Each experiment will be trained from scratch with a different seed 5 times to have a good understanding of the stochasticity involved in the training. You can run your experiments with command-line arguments from the ipython notebook as shown below or using a bash script. **Please do not change the default values of the arguments!**

In [None]:
!python pg/a2c/box2d.py --nenv 16 > logs/a2c/lunarlander/lunar_1.csv


You can then parse the CSV file using the parser method to use it in visualizations. Note that, except the pong experiment where you will be running a single time, all the experiments must have 5 different runs (with the same arguments and code but with different seeds).

#### Plotting

When you are done with experiments, you can plot the statistics.
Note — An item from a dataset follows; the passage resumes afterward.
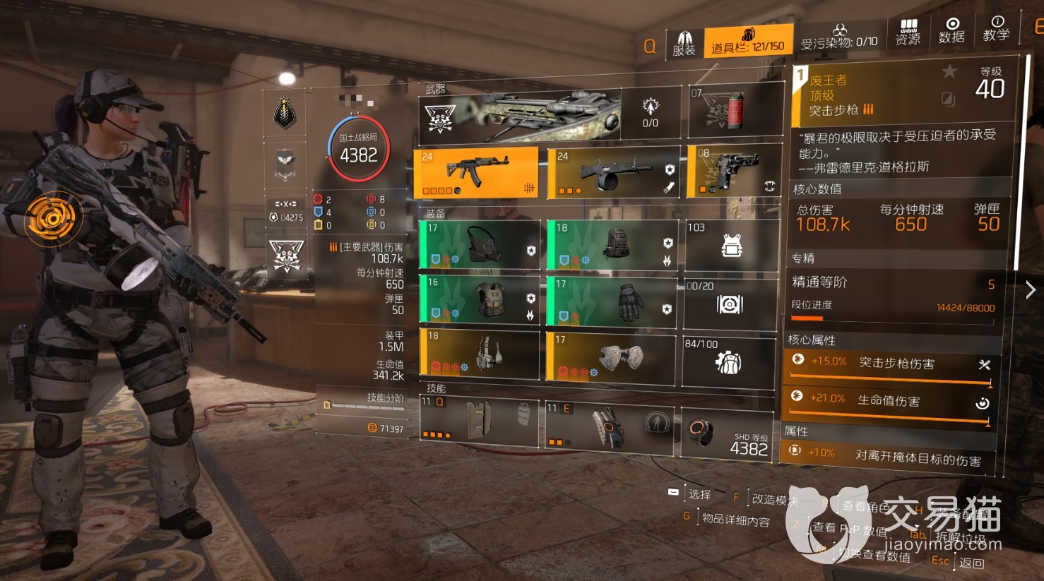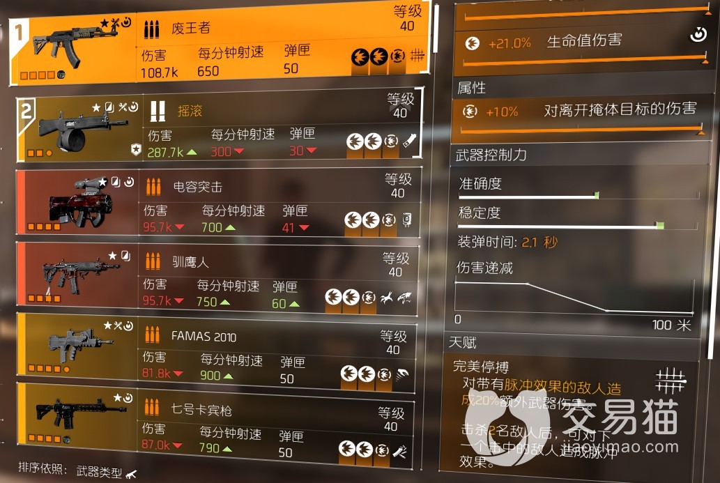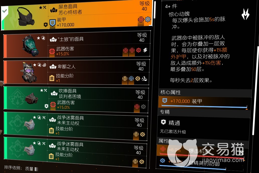 主武器用废王者,对离开掩体的敌人有伤害加成,天赋对脉冲敌人有伤害加成。副武器摇滚,同样是对离开掩体敌人伤害加成,天赋增加弹容量,打起来近距离用摇滚可以叠芳心buff。面具用土狼,团队爆率暴伤加成,背包捷克,25%武器总伤,而且有装甲加成的时候受伤也不会中断这个效果。芳心防弹衣,提升芳心buff上限到100层,关键装必备。然后是芳心手套、枪套、护膝。技能用扫描脉冲、护盾、蜂窝这三个选择其中一个,考虑到芳心套效果需要给敌人加脉冲,所以带扫描脉冲比较好。
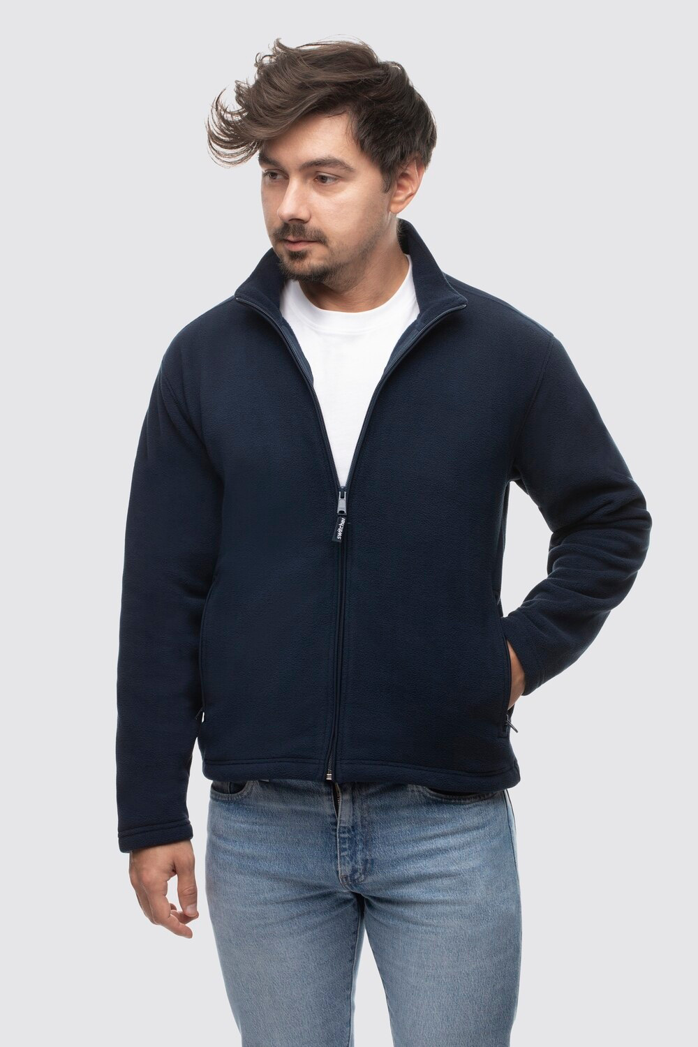 Leichte Polarfleecejacke mit Kordelzug am unteren Bund. Stehkragen und 2 Aussentaschen mit RV

We are interested to see how much variation exists in the training. **You need to keep log files for the submission!** Do not rely on the plots in the Ipython notebook!

In [None]:
import numpy as np
import matplotlib.pyplot as plt

def plot(x, train_rewards, title):
    """ Plot the statistics.
        Arguments:
            - x: Shared x axis of (N) dim array
            - train_rewards: (5, N) dim array 
    """
    if len(train_rewards.shape) != 2:
        raise ValueError("train_rewards must be 2 dimensional")
    
    fig = plt.figure(figsize=(7, 5))

    plt.title(title)
    plt.xlabel("Iteration")
    plt.ylabel("Mean Episodic reward")
    plt.plot(
        x,
        np.percentile(train_rewards, 50, axis=0),
        label="InterQuartile Range"
    )
    plt.fill_between(
        x,
        np.percentile(train_rewards, 25, axis=0),
        np.percentile(train_rewards, 75, axis=0),
        alpha=0.5
    )

    plt.legend()

## Example Usage

In [None]:
from pg.common import PrintWriter
import numpy as np

# Assumeing that you have the files (lunar_1, lunar_2, ..., lunar_5)
runs = [PrintWriter.parse("logs/a2c/lunarlander/lunar_{}.csv".format(i)) for i in range(1, 6)]

In [None]:
train_rewards = np.array([r[" Reward"] for r in runs])
x_axis = np.array(runs[0]["Iteration"])

In [None]:
train_rewards[0] *= 0.8
train_rewards[1] *= 0.9
train_rewards[2] *= 1.1
train_rewards[3] *= 1.2

In [None]:
plot(x_axis, train_rewards, "A2C LunarLander")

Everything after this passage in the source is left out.